Mandau (Kemenag) – Ikatan Penyuluh Agama Islam Republik Indonesia (IPARI) Provinsi Riau menggelar Rapat Kerja Wilayah (Rakerwil) di Hotel Winstar, Selasa (16/9/2025). Kegiatan ini dipandu oleh Nurdin, selaku Sekretaris IPARI Riau, dan dihadiri perwakilan pengurus dari kabupaten/kota se-Riau.
Dalam arahannya, Ketua IPARI Riau, Masrizal, menyampaikan bahwa IPARI merupakan organisasi profesi yang sangat solid dan menjadi wadah penting bagi penyuluh agama dalam menguatkan peran, kapasitas, dan pengabdiannya kepada masyarakat.
Masrizal juga mengulas sekilas perjalanan panjang IPARI di Riau, termasuk perjuangan organisasi dalam memperjuangkan status penyuluh honorer hingga akhirnya banyak diangkat menjadi Pegawai Pemerintah dengan Perjanjian Kerja (PPPK). Ia menegaskan, capaian tersebut menjadi bukti nyata bahwa kebersamaan dan kekuatan organisasi mampu menghasilkan perubahan besar.
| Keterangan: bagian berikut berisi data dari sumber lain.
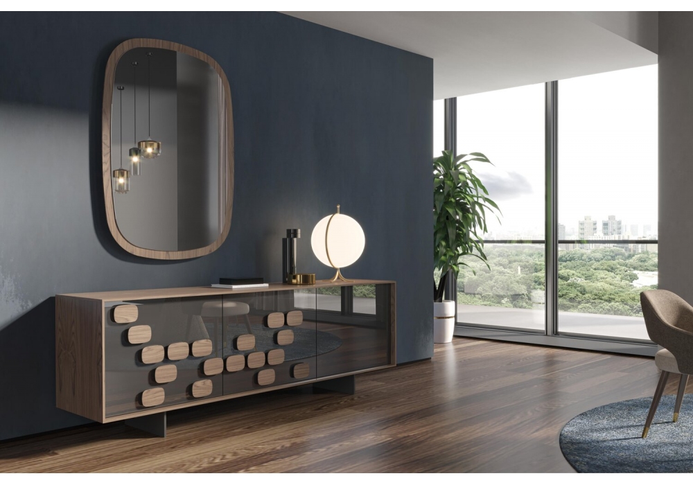 Cage diseñado por Gualter Torres para Gual Design es un espejo con estructura en madera de nogal chapada o eucalipto ahumado.

“Organisasi ini bukan hanya nama, tetapi semangat perjuangan. Mari kita maknai arti organisasi dengan lebih dalam, karena dengan persatuan, apa yang terasa sulit bisa kita wujudkan bersama,” ungkapnya penuh semangat.
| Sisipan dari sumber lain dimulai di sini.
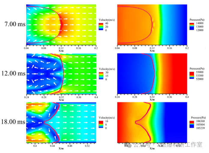 图4-5显示了当BR = 0时,在郁金香形火焰和扭曲郁金香形火焰(DTF)产生过程中的速度场和压力场变化。白色箭头表示矢量速度方向,红线表示火焰前沿。气体向右传播被认为是正方向。如图4中t = 7.00 ms时所示,火焰呈指状,火焰前沿附近为正压梯度。之后,出现了一个逆压力梯度。火焰前沿中心的速度场减小,而靠近侧壁的火焰前缘速度场增大。混合气中的流场是正的,而燃烧气体中的流场主要是负的。这有助于产生平面火焰(图4中t = 12.00 ms时)。此时,在靠近侧壁的火焰前沿后面产生涡流。由于斜压效应,燃烧区内的气流固有地呈漩涡状。然后,在涡流的对流作用下,火焰前沿向燃烧区推进,形成一个原始的后尖点(图4中t = 18.00 ms处)。其它研究表明,当存在平面火焰时,会在火焰前沿附近形成明显的逆压梯度。此外,燃烧气体中的上、下涡流分别为顺时针和逆时针。然后火焰演变成经典的“郁金香”火焰。
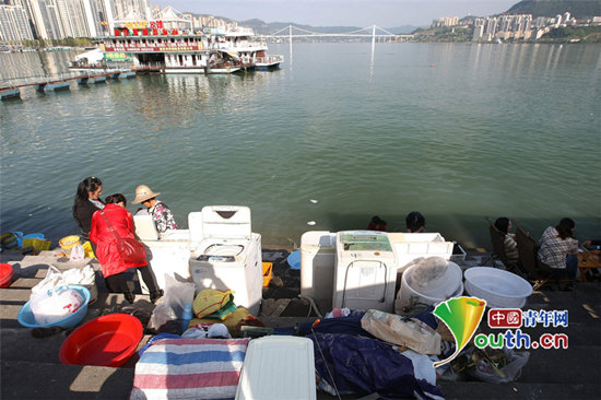 三峡工程175米蓄水后,重庆万州不少市民趁着江水上涨后带来的便利,纷纷带着脏衣物、床单、被褥等到长江边清洗,洗衣者成群结队有时扎堆上百人,更有精明的生意人搬来洗衣机和洗涤用具在此长期出租。洗衣机的污水排放口直接插入长江,肥皂泡沫、污渍、污水等混注长江,给库区长江水质带来污染,已成为一道不雅的“风景”。

Lebih jauh, Masrizal mendorong agar peserta Rakerwil merancang program kerja yang sederhana namun mudah direalisasikan. Menurutnya, keberhasilan sebuah organisasi tidak selalu diukur dari banyaknya program, tetapi dari seberapa nyata program tersebut dirasakan manfaatnya oleh masyarakat.
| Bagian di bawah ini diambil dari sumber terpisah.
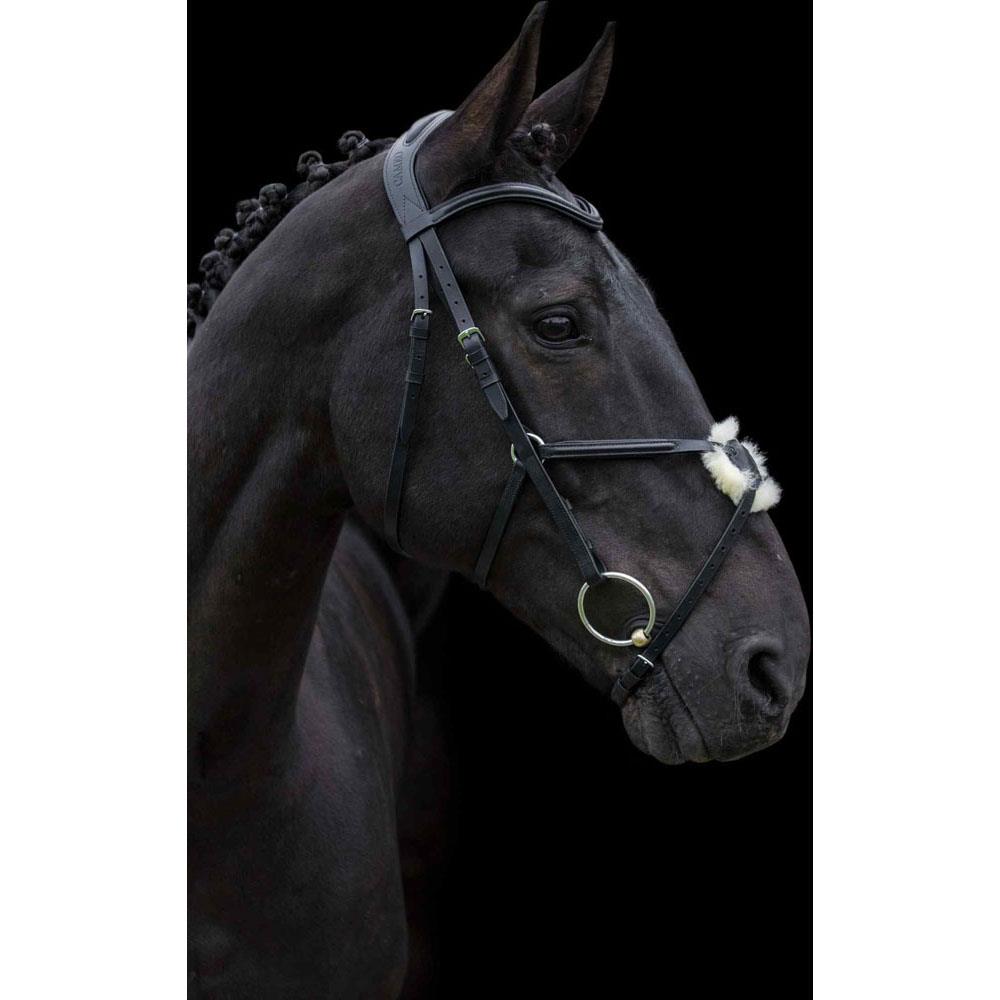With a raised and padded dipped browband, soft sheepskin grackle noseband and a clever chin strap to keep the whole piece balanced.

Setelah arahan disampaikan, kegiatan berlanjut dengan pembagian komisi yang terbagi ke dalam 7 komisi kerja. Masing-masing komisi diberi mandat untuk menyusun usulan program strategis yang akan menjadi acuan gerak IPARI Riau ke depan.
Rakerwil IPARI Riau tahun 2025 ini tidak hanya menjadi ajang evaluasi, tetapi juga momentum untuk memperkuat tekad, semangat, dan kebersamaan para penyuluh agama dalam menjalankan amanah dakwah dan pemberdayaan umat.